En attendant, une prémisse : toute forme d’inconfort ou de douleur que nous, qui nous occupons des droits des animaux, ressentons n’est rien comparée aux conditions de souffrance extrême que les animaux eux-mêmes éprouvent, mais il y a aussi le syndrome secondaire de stress post-traumatique qui est la pathologie de subies par les personnes qui s’occupent ou qui sont d’une manière ou d’une autre proches des principales victimes de la violence ; cela doit non seulement être pris en compte, mais il serait également utile de parler pour éviter d’entrer dans Burnoutc’est-à-dire tomber malade de dépression nerveuse, de dépression, d’anxiété et de pathologies similaires affectant notre système psychique.

Nous, les végétaliens, surtout si nous faisons aussi de l’activisme, sommes en fait soumis à un état de stress continu parce que nous voyons et reconnaissons toutes ces formes d’exploitation et de violence contre les animaux qui restent généralement invisibles pour la plupart comme normalisées et naturalisées.

C’est comme si nous voyions une réalité cachée derrière l’ordinaire.

Même une simple promenade en ville peut devenir pour nous une source d’inconfort et de stress énormes : dans les vitrines des magasins de vêtements, nous reconnaissons les corps travaillés des animaux sous les formes travaillées des vêtements et des accessoires vestimentaires ; dans les comptoirs des supermarchés, nous voyons les parties de ceux qui étaient des individus sensibles ou les produits de leur exploitation et de leur esclavage ; dans la poissonnerie on assiste, impuissant, à des scènes de cruauté ordinaire, c’est-à-dire à l’achat d’animaux marins souvent encore vivants ou autrement exposés sur la glace, les yeux exorbités et la gueule grande ouverte ; dans les parcs de certaines villes on voit des chevaux tirant de lourdes voitures et la situation n’est certainement pas meilleure pour ceux qui vivent à la campagne, où les coups de feu retentissent déjà au petit matin pendant les périodes de chasse ; monter dans la voiture implique de parcourir des routes bordées sur les bords par des silhouettes d’entrepôts à l’intérieur desquels d’énormes quantités d’individus élevés vivent en prison ou de traverser directement ces horribles camions qui se dirigent vers l’abattoir.
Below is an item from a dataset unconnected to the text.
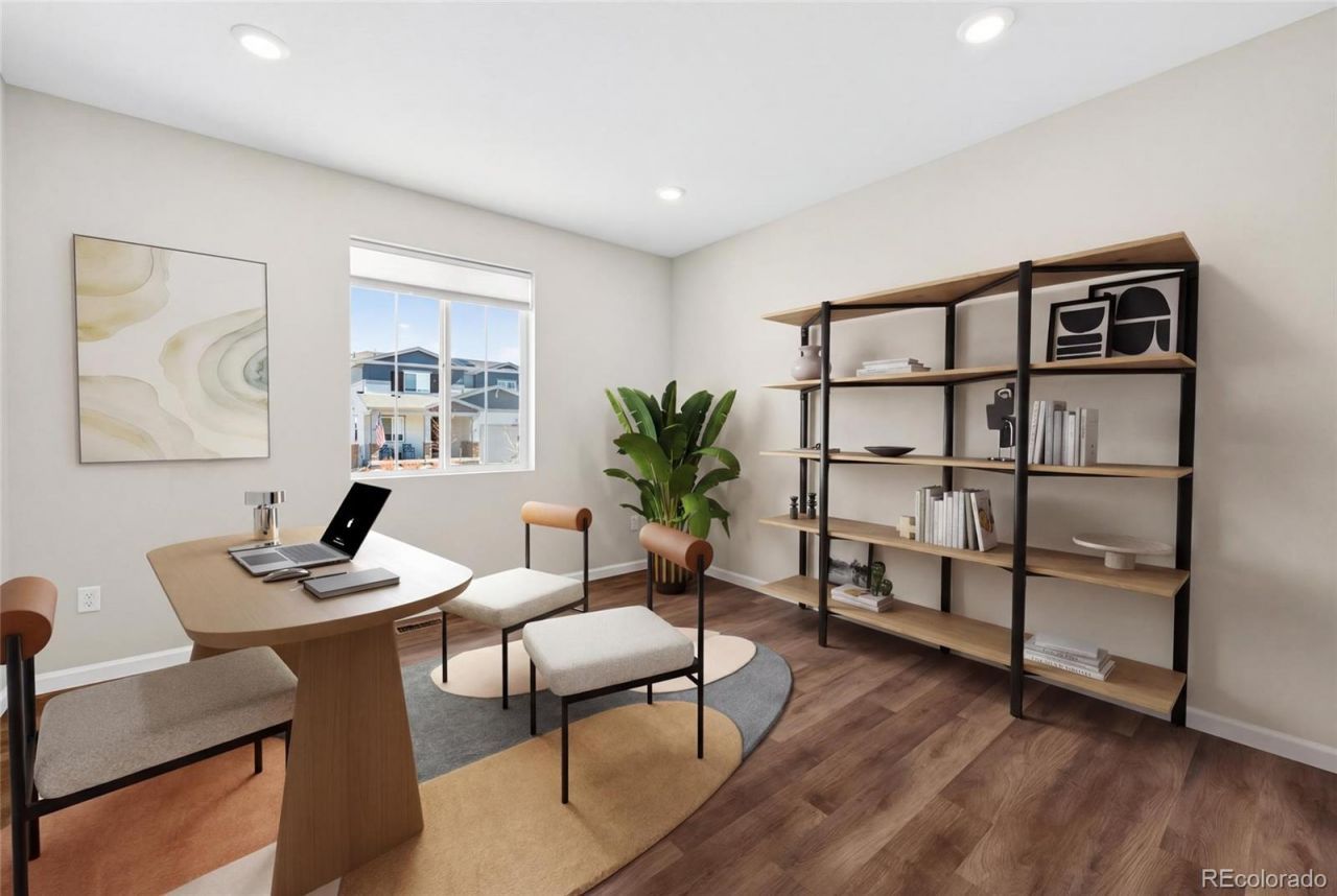 Welcome to this gorgeous home featuring 3 bedroom/2.5 bath, plus office & loft in the highly sought after Turnberry Neighborhood. This home is BETTER THAN NEW (just 3 years old), located on a quiet street, and showcases an open floor plan, laminate floors throughout, and a sizeable 0.25 acre corner lot. The kitchen showcases quartz countertops, kitchen island, Stainless Steel appliances, large pantry, great cabinet storage, and ample space for both cooking and entertaining. The abundance of natural light pours into the spacious living room which is open to the kitchen and dining area. A sizeable office (could also be used as a 4th bedroom) and the perfect powder bath are found just around the corner. The upper level boasts two secondary bedrooms- one with with ample closet space and the second with a walk-in closet. A convenient 2nd floor laundry room & a full bathroom with dual sinks, quartz contertop, tub and shower are also found upstairs. The primary suite, complete with a relaxing 4 piece ensuite bath includes dual sinks, quartz countertop, stand-up shower & generously sized walk-in closet. Enjoy entertaining in the large fully fenced and irrigated backyard with concrete patio space. The oversized garage offers 450 sq ft of drywalled space and storage for cars & tools alike. The Turnberry neighborhood offers a park, is located in the highly ranked 27-J school district, and is just a short drive to nearby shopping, dining, and entertainment. Commerce City is located with easy access to 104th Ave, Highway 85, I-76, & E470 and just 30 minutes outside of Denver and 20 minutes from DIA. Dont miss your opportunity to own this incredible home, schedule your showing today!

D’autres lieux d’enfermement nous apparaissent pour ce qu’ils sont : justement, des lieux d’enfermement, sauf que le commun des mortels les appelle bioparchi, cirques, delphinariums ou fermes pédagogiques.

Moments de convivialité avec des personnes non vegan

Cette masse de douleur qui nous est visible peut être exacerbée dans les moments de socialité conviviale car les amis et les proches ne comprennent pas toujours l’importance d’un choix de justice comme celui du végétalien et continuent de penser que c’est un choix personnel à respecter jusqu’au bout. dans la mesure où il reste en fait personnel.
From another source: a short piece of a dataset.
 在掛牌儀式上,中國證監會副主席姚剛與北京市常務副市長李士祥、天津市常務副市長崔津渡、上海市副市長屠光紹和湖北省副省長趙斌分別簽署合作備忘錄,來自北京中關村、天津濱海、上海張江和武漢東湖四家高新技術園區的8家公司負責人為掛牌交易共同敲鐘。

Au fil des années, j’ai écouté et lu plusieurs témoignages de personnes végétaliennes qui refusent de participer à des déjeuners familiaux dans lesquels on leur sert des corps d’animaux et de dérivés d’animaux et dans lesquels l’option végétalienne est considérée comme un bizarre au mieux à tolérer, mais du moment que le végétalien ou le végétalien de service ne se permet pas de dire n’importe quoi et qu’il se taise dans un coin en train de manger son plat de légumes, répondant peut-être poliment à toutes les questions pertinentes, taquinant y compris. Je peux les comprendre. Qui voudrait jamais subir un tel stress ?

Mais il y a aussi ceux qui acceptent, bien qu’à contrecœur. Il le fait par amour de la famille, des amis, des proches, pour ne pas heurter la sensibilité des autres.

En fait, les avis divergent sur la question : il y a ceux qui soutiennent qu’il est préférable de participer à ces moments de convivialité sans rien dire et en donnant leur exemple d’une autre façon de manger ; mais il y a aussi ceux qui pensent qu’être proche de ceux qui dévorent des parties d’animaux est inacceptable pour plusieurs raisons.

Différence entre véganisme et nutrition à base de plantes

Je crois qu’avant de prendre une décision, nous devrions d’abord nous demander ce qu’est le véganisme et pourquoi nous sommes devenus végans et ainsi distinguer le véganisme de la nutrition dite à base de plantes.

Si nous avons décidé de passer à une alimentation végétale pour des raisons de santé et donc de considérer ce choix comme une alimentation comme les autres, il n’y a aucune raison de critiquer ou de nous opposer à d’autres types d’alimentation.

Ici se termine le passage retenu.